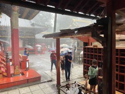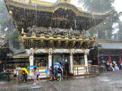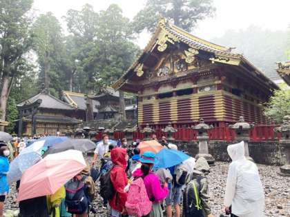 東照宮に着き、記念撮影をするあたりの時間に、雨が降り出しました。しかも、ものすごい雨で、東照宮の方も、こんなに降るのは珍しいとおっしゃっていました。
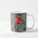 Brilliant red cardinal with his royal red crest stands out on a ceramic mug. Available in several sizes and styles, this bright red bird catches the eye !
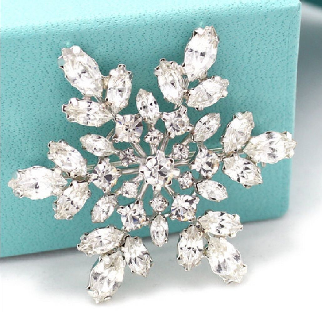 Snowflake Snow Christmas Wedding Rhinestone Crystal Brooch Pin
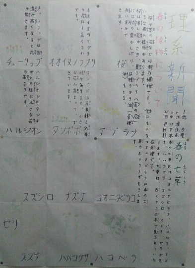 写真は、春の植物についてまとめたグループの新聞です。
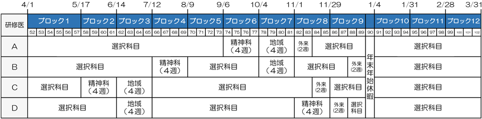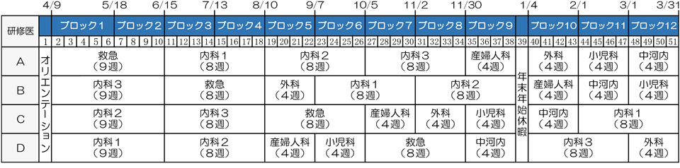 必修化科目は内科、救急、外科、小児科、産婦人科、地域医療、精神科及び一般外来です。またこれらの他に内科・血液内科・消化器内科・循環器内科・外科・乳腺外科・脳神経外科・麻酔科・産婦人科・小児科・整形外科・耳鼻咽喉科・形成外科・泌尿器科・放射線科・病理診断科・臨床検査科から選択科目を選択することができます。
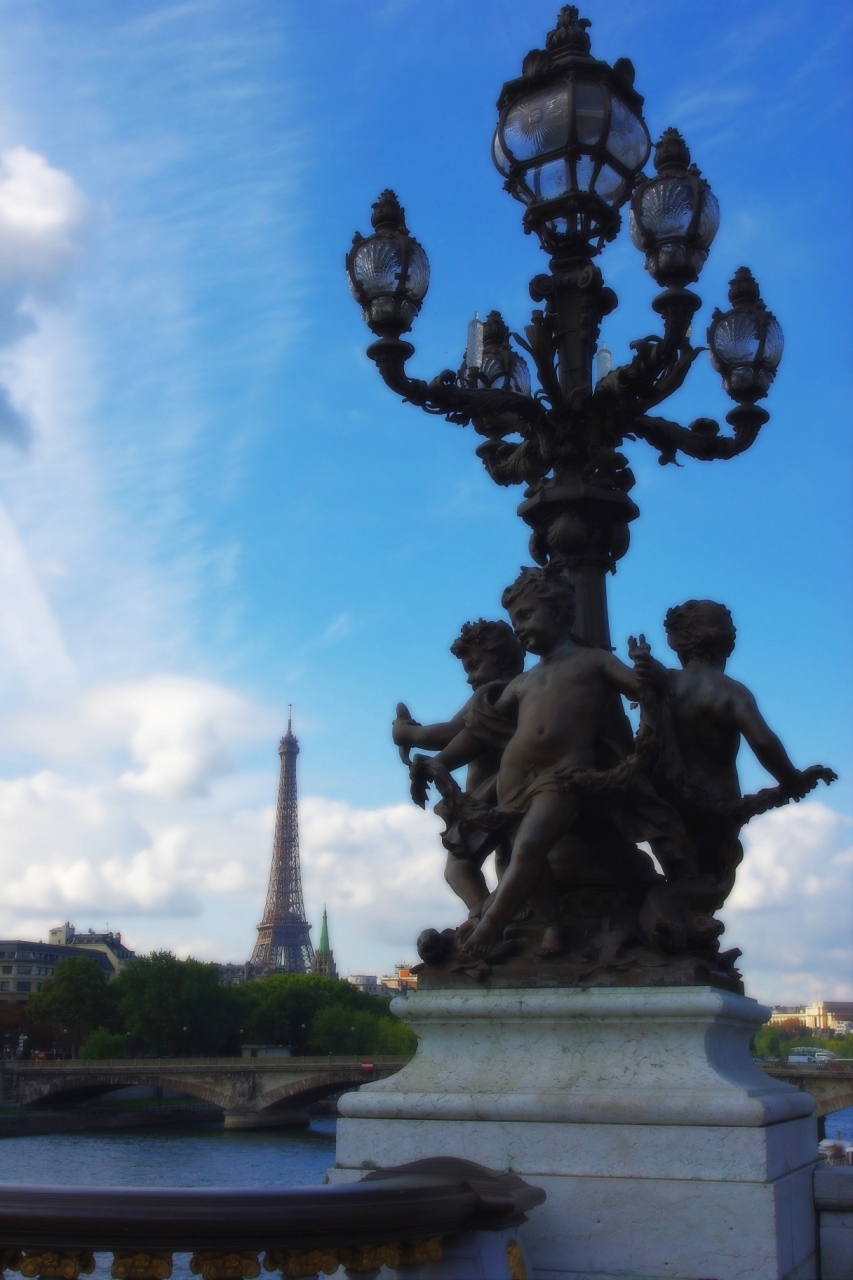 セーヌに架かる橋で一番豪華なアレクサンドル三世橋。その装飾も見事だけど、ここから見る景色はパリの魅力が詰まっている気がする。パリの象徴エッフェルを背後に見る天使達、そしてセーヌ河・・・最高♪
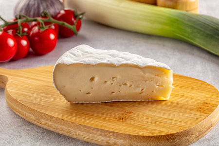 Brie cheese. White soft cheese with white mold on cutting board.
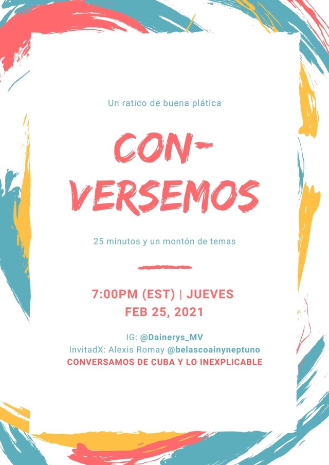 La cita es mañana, jueves, 25 de febrero, a las 7PM —hora de Las noventa Habanas—, en la cuenta de Instagram de Dainerys Machado Vento. ¡Nos vemos!
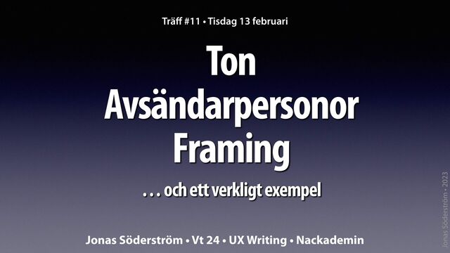 roll, yrke eller personlighet som du tycker passar. • Ge den ett namn, en ålder, en dialekt. • Bygg ut personan genom att avsluta meningar som dessa: • När [namn] pratar känner jag mig … (inspirerad / intresserad / hemma / i trygga händer ...) • [Namn] är ... (snar till skratt / alltid korrekt / på min sida / coachande / en rolig fan...) • [Namn] skulle aldrig ... (slänga på luren / yttra ett enda ord corporate bullshit / fl ytta från kommunen / glömma att kolla om jag verkligen har förstått...) • [Namn] vet…, [Namn] kan … (och så vidare)
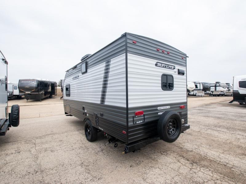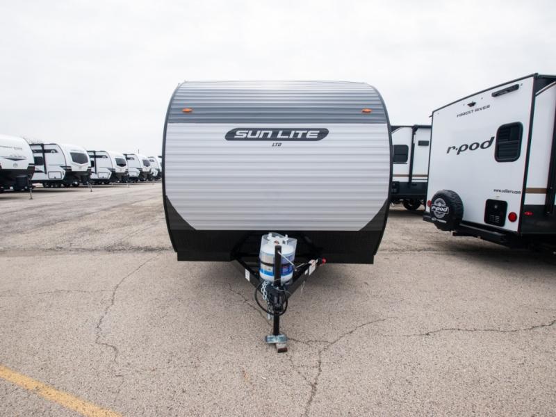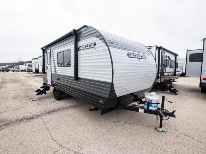 Each Sun Lite LTD travel trailer by Sunset Park RV is made with flexibility in mind. These lightweight models weigh under 3,000 lbs. for easy towing, and they offer best-in class interior storage for all your belongings. There are wood framed sidewalls, .024" aluminum siding, plus 3/8" fully walkable roof decking for added durability. The spring-leaf Dexter axles and radial tires will make towing easier than ever, and the front and rear stabilizer jacks will provide a secure foundation when you're set up at the campground. A 100W solar kit with a controller is also included, along with a 20 lb. LP tank, and a power awning for protection against the elements. Inside, you'll find a power vent in the bathroom, LED lights, USB ports, and cable/satellite hookups. And the LTD Appliance Package also comes standard with a 12V refrigerator, a two burner stove, a DSI gas water heater, plus a 5k BTU A/C and a 16k BTU furnace!
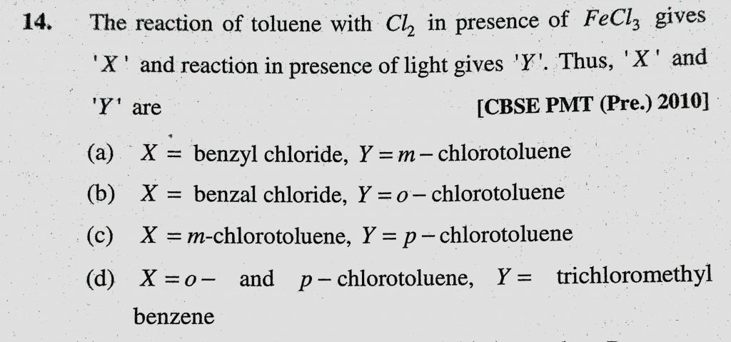 The reaction of toluene with Cl2 in presence of FeCl3 gives X and reaction in presence of light gives ‘Y’. Thus ‘X ‘ and ‘Y’ are The reaction of toluene with Cl2 in presence of FeCl3 gives X and reaction in presence of light gives 'Y'. Thus 'X ' and 'Y' are December 15, 2020 Category: Uncategorised (JEE Advanced Physics by BM Sharma + GMP Solutions) , Facebook Messenger WhatsApp Share this:TwitterFacebook Related
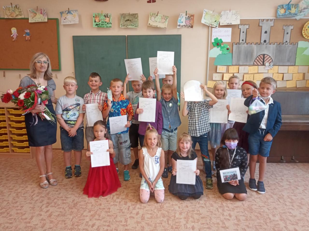 Školní rok utekl jako voda a prvňáčci dostali svá 1. vysvědčení. Nakonec zazvonil zvoneček, aby popřál dětem krásné prázdniny...
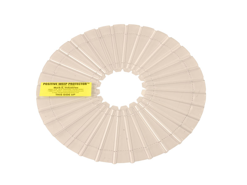 This patented clear plastic drainage disk is for placement around a drain opening in a shower floor. Designed to be positioned between the floor pan and the mortar laid over the floor pan. The ridges of the Positive Weep Hole Protector allow for drainage of water to the weep holes in the drain receptor. Helps prevent water from sitting between the shower pan liner and mortar bed. The inner and outer diameter of the disk are perforated to allow for customization depending on shower drain size.
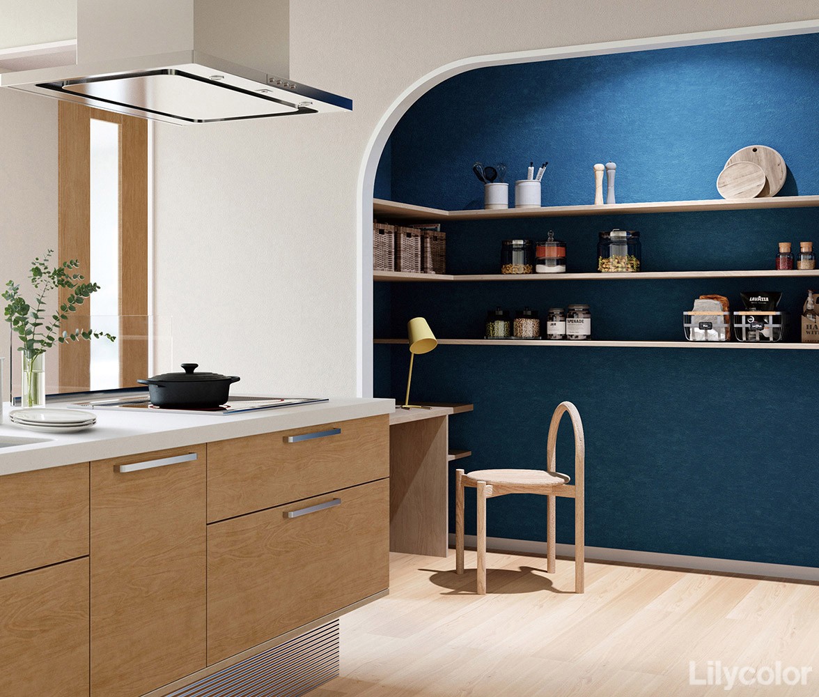 ブルー 塗り壁調 トップコート 防かび リリカラ LL-6413 旧品番LL-7059

Exercise instructions
From the records above, write out exactly the lines that begin at the line with "必修化科目は内科、救急、外科" and end at the line with "roll, yrke eller". Pictures must not appear in the output.

Solution
 必修化科目は内科、救急、外科、小児科、産婦人科、地域医療、精神科及び一般外来です。またこれらの他に内科・血液内科・消化器内科・循環器内科・外科・乳腺外科・脳神経外科・麻酔科・産婦人科・小児科・整形外科・耳鼻咽喉科・形成外科・泌尿器科・放射線科・病理診断科・臨床検査科から選択科目を選択することができます。
 セーヌに架かる橋で一番豪華なアレクサンドル三世橋。その装飾も見事だけど、ここから見る景色はパリの魅力が詰まっている気がする。パリの象徴エッフェルを背後に見る天使達、そしてセーヌ河・・・最高♪
 Brie cheese. White soft cheese with white mold on cutting board.
 La cita es mañana, jueves, 25 de febrero, a las 7PM —hora de Las noventa Habanas—, en la cuenta de Instagram de Dainerys Machado Vento. ¡Nos vemos!
 roll, yrke eller personlighet som du tycker passar. • Ge den ett namn, en ålder, en dialekt. • Bygg ut personan genom att avsluta meningar som dessa: • När [namn] pratar känner jag mig … (inspirerad / intresserad / hemma / i trygga händer ...) • [Namn] är ... (snar till skratt / alltid korrekt / på min sida / coachande / en rolig fan...) • [Namn] skulle aldrig ... (slänga på luren / yttra ett enda ord corporate bullshit / fl ytta från kommunen / glömma att kolla om jag verkligen har förstått...) • [Namn] vet…, [Namn] kan … (och så vidare)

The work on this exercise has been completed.